Exercise instructions
Only one span is wanted from the lines below: from the one with "Fisherman clearing his nets" up to and including the one with "A simple colourful". Copy it exactly, without images.

Provided records
--

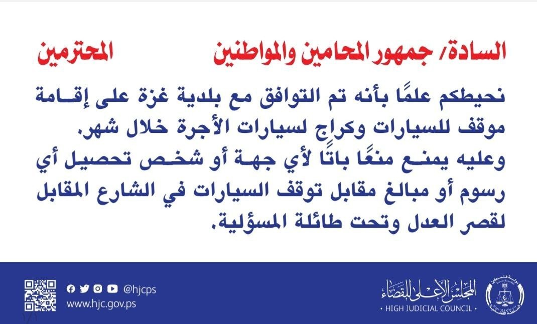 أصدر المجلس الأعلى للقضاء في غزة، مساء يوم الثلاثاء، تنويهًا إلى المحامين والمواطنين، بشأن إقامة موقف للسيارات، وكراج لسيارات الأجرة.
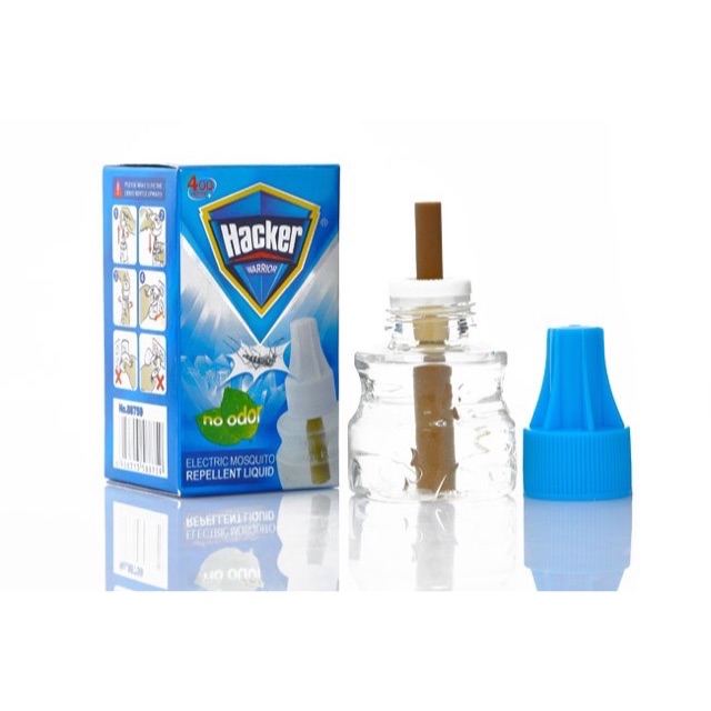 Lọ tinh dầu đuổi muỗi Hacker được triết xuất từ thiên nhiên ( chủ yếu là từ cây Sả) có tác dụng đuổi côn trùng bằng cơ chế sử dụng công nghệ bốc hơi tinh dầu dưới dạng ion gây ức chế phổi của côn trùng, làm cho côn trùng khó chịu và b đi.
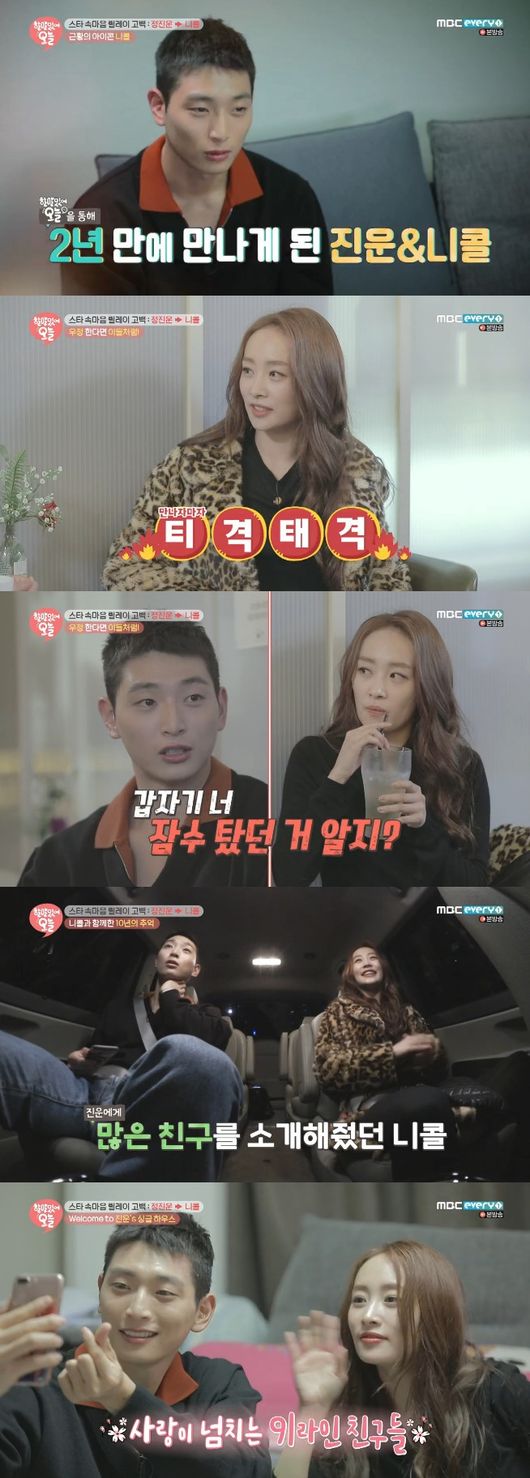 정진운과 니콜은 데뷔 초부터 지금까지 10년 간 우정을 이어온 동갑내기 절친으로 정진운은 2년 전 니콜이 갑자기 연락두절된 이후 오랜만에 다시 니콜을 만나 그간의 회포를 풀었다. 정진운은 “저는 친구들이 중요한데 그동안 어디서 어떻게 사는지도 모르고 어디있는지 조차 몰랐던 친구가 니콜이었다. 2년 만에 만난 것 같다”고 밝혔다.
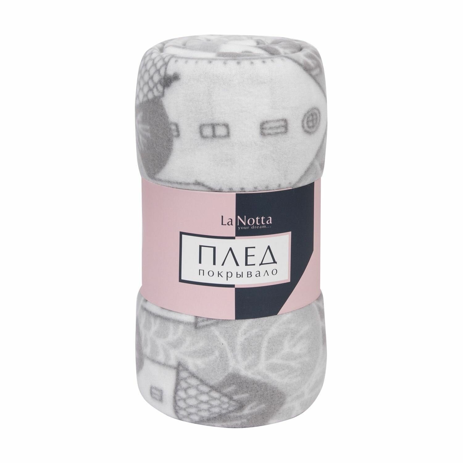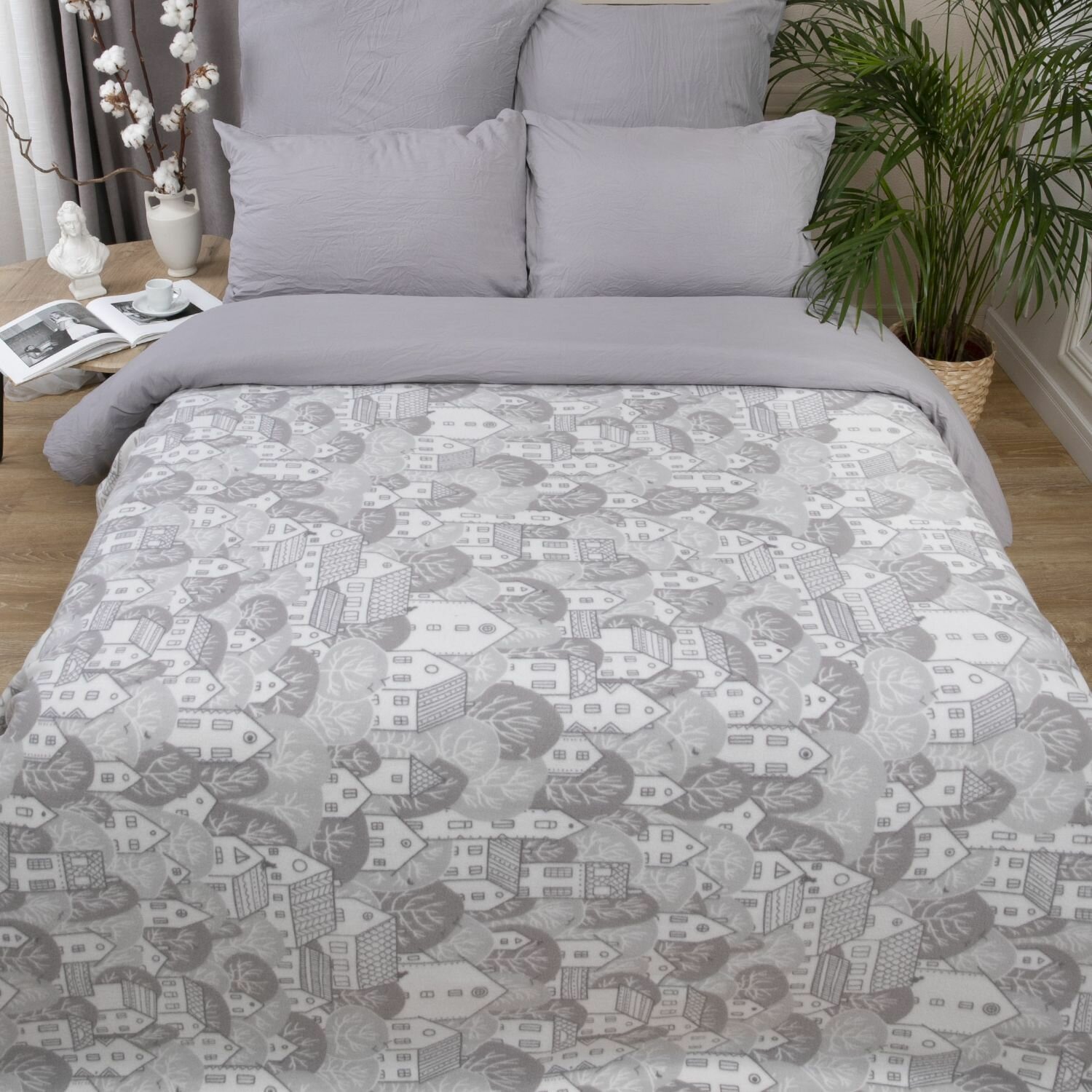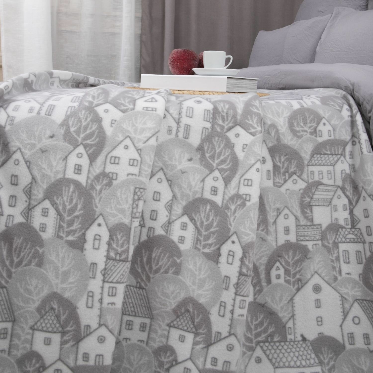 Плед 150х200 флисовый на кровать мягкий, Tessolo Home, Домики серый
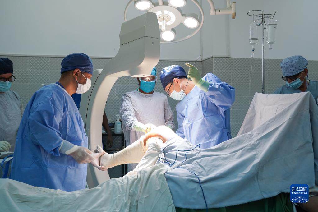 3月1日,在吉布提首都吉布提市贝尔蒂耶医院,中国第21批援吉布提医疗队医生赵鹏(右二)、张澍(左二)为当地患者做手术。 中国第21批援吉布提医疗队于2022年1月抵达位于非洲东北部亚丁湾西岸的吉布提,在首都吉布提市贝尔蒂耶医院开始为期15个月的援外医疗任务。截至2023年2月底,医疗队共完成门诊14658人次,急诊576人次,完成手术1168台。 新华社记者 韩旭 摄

--

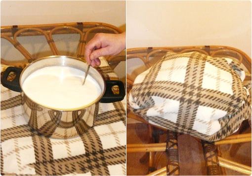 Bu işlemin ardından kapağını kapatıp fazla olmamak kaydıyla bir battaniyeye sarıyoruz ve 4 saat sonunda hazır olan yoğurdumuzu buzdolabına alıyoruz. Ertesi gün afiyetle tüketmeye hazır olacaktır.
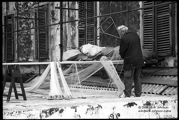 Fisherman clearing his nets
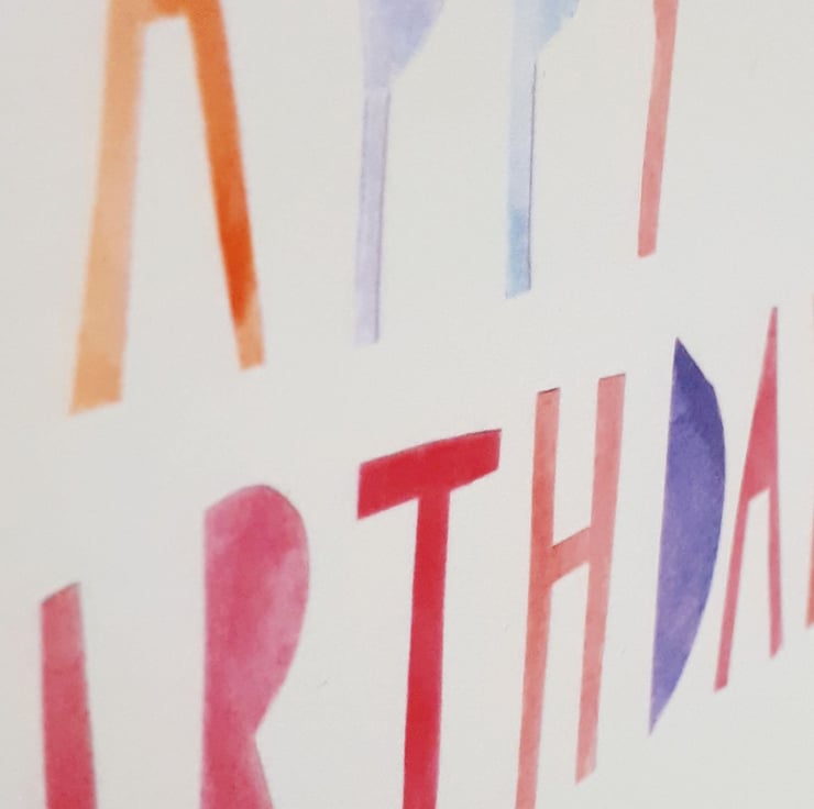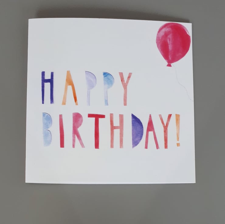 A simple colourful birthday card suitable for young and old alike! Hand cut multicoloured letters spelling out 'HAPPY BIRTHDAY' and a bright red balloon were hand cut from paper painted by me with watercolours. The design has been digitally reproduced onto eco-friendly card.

--

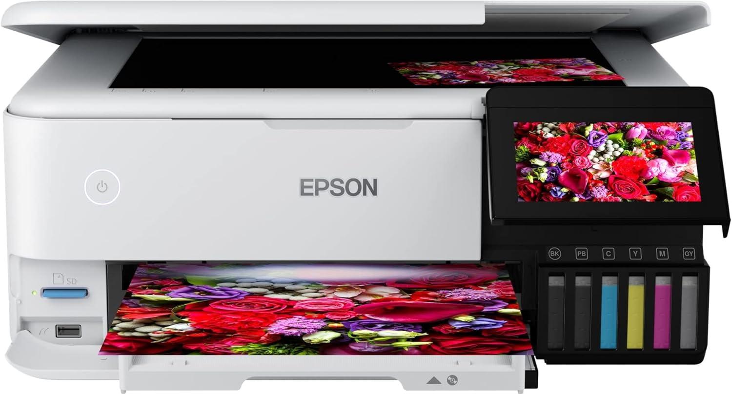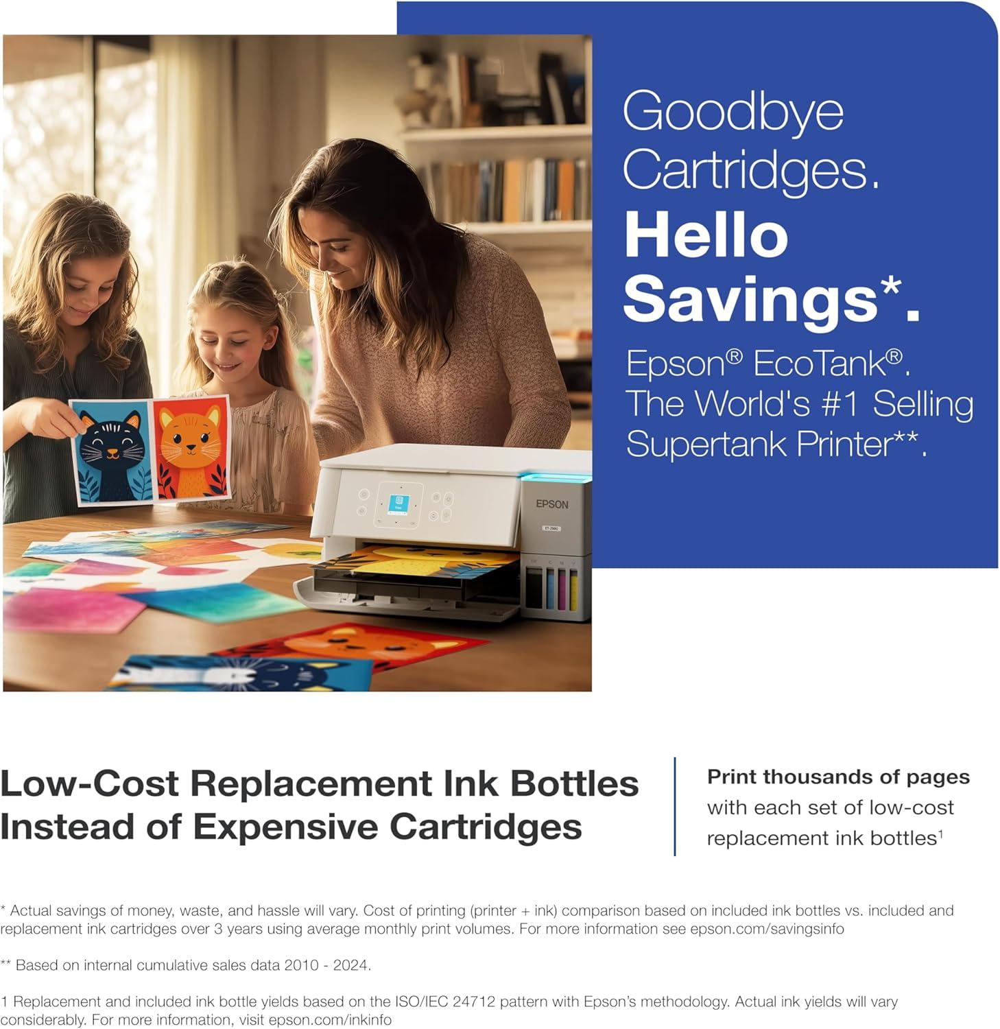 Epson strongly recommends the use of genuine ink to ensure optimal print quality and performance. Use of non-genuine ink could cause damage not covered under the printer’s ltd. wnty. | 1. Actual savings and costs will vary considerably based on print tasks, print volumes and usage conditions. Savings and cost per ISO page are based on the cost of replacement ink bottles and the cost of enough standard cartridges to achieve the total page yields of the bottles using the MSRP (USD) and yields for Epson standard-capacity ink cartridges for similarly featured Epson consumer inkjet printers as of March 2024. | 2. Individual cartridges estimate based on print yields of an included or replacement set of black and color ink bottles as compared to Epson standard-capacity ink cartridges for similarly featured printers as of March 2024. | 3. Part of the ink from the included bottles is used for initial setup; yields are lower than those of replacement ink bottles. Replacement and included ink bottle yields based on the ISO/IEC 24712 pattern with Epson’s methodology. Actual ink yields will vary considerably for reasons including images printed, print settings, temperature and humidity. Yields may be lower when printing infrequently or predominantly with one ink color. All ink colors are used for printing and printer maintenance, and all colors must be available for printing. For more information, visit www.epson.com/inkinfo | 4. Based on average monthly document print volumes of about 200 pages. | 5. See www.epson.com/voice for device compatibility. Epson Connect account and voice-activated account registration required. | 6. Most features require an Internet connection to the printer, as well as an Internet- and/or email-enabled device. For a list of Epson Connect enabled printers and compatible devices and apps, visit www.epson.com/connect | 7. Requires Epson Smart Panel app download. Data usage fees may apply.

--

Output below
 Fisherman clearing his nets
 A simple colourful birthday card suitable for young and old alike! Hand cut multicoloured letters spelling out 'HAPPY BIRTHDAY' and a bright red balloon were hand cut from paper painted by me with watercolours. The design has been digitally reproduced onto eco-friendly card.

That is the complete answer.